6a) Hint 1: The circuit is a potential divider

6a) Hint 2: V_{s} = 4V, R_{1} = 2.0Ω, R_{2} =
18Ω

6a) Hint 3: V₂ = (R₂/(R₁+R₂))×V_{s}

6b)i) Hint 4: Are LEDs high or low current devices?

6b)i) Hint 5: What happens to current in a circuit when you increase resistance?

6b)ii) Hint 6: V_{s} = 3.4V, I = 25mA = 0.025A, V_{led} =
1.6V, R = ?

6b)ii) Hint 7: To find R, you will need information about the resistor. Current is given in the question.

6b)ii) Hint 8: The pd across resistor = V_{s} - V_{led}

6b)ii) Hint 9: Now use V = IR to find resistance

6c) Hint 10: Q = ?, t = 6 hours, I = 0.135A

6c) Hint 11: t should be in seconds

6c) Hint 12: There are 60 × 60 seconds in an hour

6c) Hint 13: Q = It

6c) Hint 14: Q = It = 0.135 × 6 × 60 × 60

Question 7

Hint 1: What happens to a wire if current passes through it?

Hint 2: What happens to gas in a sealed container if the temperature increases?

Question 8

8a)i) Hint 1: E_{h} = 21 600J, m = 0.50kg, ΔT = 24 - 16

8a)i) Hint 2: E_{h} = mcΔT

8a)ii) Hint 3: Calculation assumes all heat energy goes into the water.
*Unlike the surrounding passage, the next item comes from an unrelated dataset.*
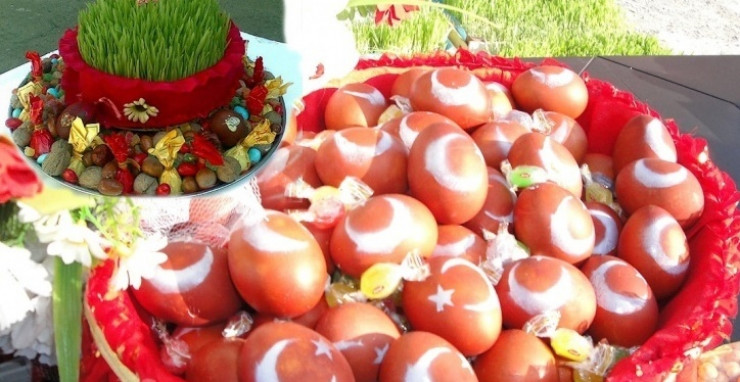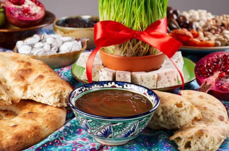 Дәл осы тағам Әзербайжандағы Новруз Байрамында да дайындалады. Бірақ сәл өзгеше сэмени (бидай өсікін) деп аталады. Екі апта бұрын бидай егіп, оны баптап өсіреді. Наурызда сэмениді қызыл жіппен байлап дастарханға қояды. Оны базардан сатып алуға немесе сұрап алуға болмайды. Әр отбасы арнайы өсіруі қажет. Оған қоса дастарханға "с" әрпінен басталатын жеті тағам қойылады. Олардың ішінде маңыздысы скэд (сүт), сирке (сірке суы) және сэмени. Мейрамның негізгі тағамы - күріш. Ол ет, тауық, балықпен дайындалады. Үстел үстіне боялған жұмыртқа, айна, майшамдар қойылады. Көшелерден түйелер керуені өтеді. Бұл қариядан балаға дейін асыға күтетін ерекше шара.

Does it?

8a)ii) Hint 4: Where does the energy go?

8b) Hint 5: I = 4.0A, V = 12V, E = 21 600J, t =?

8b) Hint 6: Can you think of an equation that links t to any of the information given?

8b) Hint 7: P = E/t

8b) Hint 8: To find P we need to use I and V (P = IV)

8c) Hint 9: Vapourisation is changing state from liquid to gas

8c) Hint 10: Temperature stays the same for state change, so is not required in calculations

8c) Hint 11: The equation including l is E = ml and in order to calculate l we would need m and E - what do these letters mean?

Question 9

9a)i) Hint 1: All data means you must use all 8 numbers in the question

9a)i) Hint 2: p/T should be constant

9a)i) Hint 3: Calculate p/T for each set of data

9a)ii) Hint 4: The kinetic model describes gas as small particles moving around.
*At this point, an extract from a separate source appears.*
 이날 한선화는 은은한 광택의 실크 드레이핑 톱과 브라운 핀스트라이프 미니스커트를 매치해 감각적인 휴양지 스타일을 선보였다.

9a)ii) Hint 5: If temperature increases, what happens to the kinetic energy of particles?

9a)ii) Hint 6: The increase in temperature causes an increase in kinetic energy. How will this affect how often particles hit the walls?

9a)ii) Hint 7: The increase in temperature causes an increase in kinetic energy. How will this affect how much Force particles hit the wall with?

9a)iii) Hint 8: Your answer from part (a)(i) might help

9a)iii) Hint 9: For every 20K temperature drop, there is between 6 and 9 kPa pressure drop

9b) Hint 10: What can be changed to ensure all of the gas in the flask is being heated?

9b) Hint 11: Is the gas in the small tube being heated? How could you reduce the impact of this on the experiment?

Question 10

10a) Hint 1: t = 2.1 × 10^{-8}s, d = ?

10a) Hint 2: The equation linking t and d is d = vt

10a) Hint 3: Do you know the speed of microwaves?

10a) Hint 4: Microwaves travel at the speed of light (it is on the data sheet on page 2 of the exam)

10a) Hint 5: d = vt = 3×10^{8} × 2.1×10
^{-8}. Be careful when entering this in your calculator.

10b)i) Hint 6: Longitudinal refers to the direction of energy tranfer and vibration of the medium

10b)ii) Hint 7: count the number of waves in the picture (more lines together is the start and end of a wave)

10b)ii) Hint 8: wavelength = (total length)/(number of waves)

10b)ii) Hint 9: wavelength = 0.272/4

10b)iii) Hint 10: We are taking about sound waves, so be careful with speed

10b)iii) Hint 11: λ = answer from part (b)(ii), v = 340
ms^{-1}, f = ?

10b)iii) Hint 12: v = fλ

10b)iii) Hint 13: 340 = f × 0.068

Question 11

11a)) Hint 1: Factual recall: can you remember the list of IR detectors?

11a)) Hint 2: The one you pick must be suitable for use with a windscreen

11b)) Hint 3: What is the definition of frequency?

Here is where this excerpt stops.